The young woman’s shoes
the color of buttercups —
a gray city rain.
The Monday subway station’s
full of faces
fair as flowers
– See!
Then the rush, the push,
the train’s electric flexing
the shut doors’ hush
the deliberate departure
and upon the vacant station
silence settles:
the bough stripped of its petals
Spring…
When you…
We are waiting…
So long since…
Speaking of…
Forgotten, just like…
No matter, when…
And if, my…
That too we will…
Drinking the driven storm, the sturdy apple
Dances, between sky and earth, her spring-young leaves.
Knowing no purpose, knowing only season,
Her spring-young leaves, storm-driven, dapple
Earth and sky; all that my eye perceives
Dances. My eye drinks in the apple’s spring-
Young leaves, her dance that has no reason:
Only the storm, driving each dappled thing.
This poetic form is called san san, which means “three three” in Chinese (and is a term of art in the game Go). It rhymes as you see (a-b-c-a-b-d-c-d), and also repeats, three times, each of three terms or images; here, the driven storm; the spring-young leaves; the dance.

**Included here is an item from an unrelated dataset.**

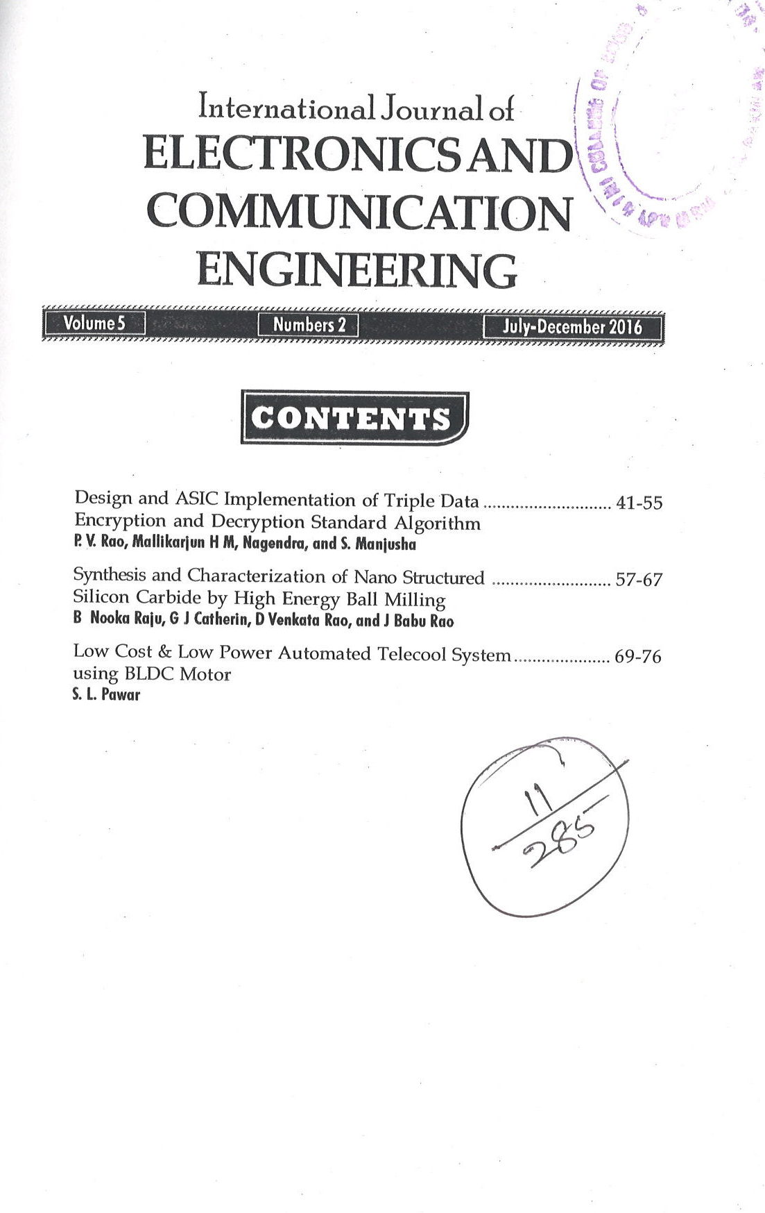 International Journal of Electronics and Communication Engineering

Dear reader, I’m curious: of the versions below, which do you prefer (if either), and why?
I.
They built a grand monument to the dead
And the place where the stone was quarried
Soon filled up with rainwater
And the young couples would meet there.
II.
Built to commemorate the dead
This palace stands, untenanted.
By the still pool in the quarry pit
The lovers sometimes come to sit.
One day this
will be recalled (if
at all) by you
as a golden
day a beach of pure
sand and flocks of
majestic white birds that
spreading curved wings
rose at first
imperceptibly then
inexorably into
aching flight as
we watched them knowing
all would be well and
no one will be left to say
that’s
inaccurate
since my present vision of
this will perish
lacking the heft and
polish of history but
for the record here
is what breaks my present heart this
little girl now running across
low tide’s litter now daring
those greasy waves now
scattering the dirty gulls that are
yammering and (I can
see it all
now) about to
take off
clumsily into an
implacable
future.
I too have sentimental leanings,
Inchoate sensibilities,
Vague yearnings,
And feel the pull of those
Old, stupid, useful words, like
Love; dreams; desire;
From which nothing can save us
But the things themselves:
On our kitchen table lie
The blown still-moist petals
Of Friday’s flowers.
Two gates of sleep; the one of horn, the one of ivory.
Odyssey XIX, 560-565
Undermined, toppled, then half washed away
By memory’s undertow,
The gates of sleep are wrack by day;
Dreams true or false to miscellany go.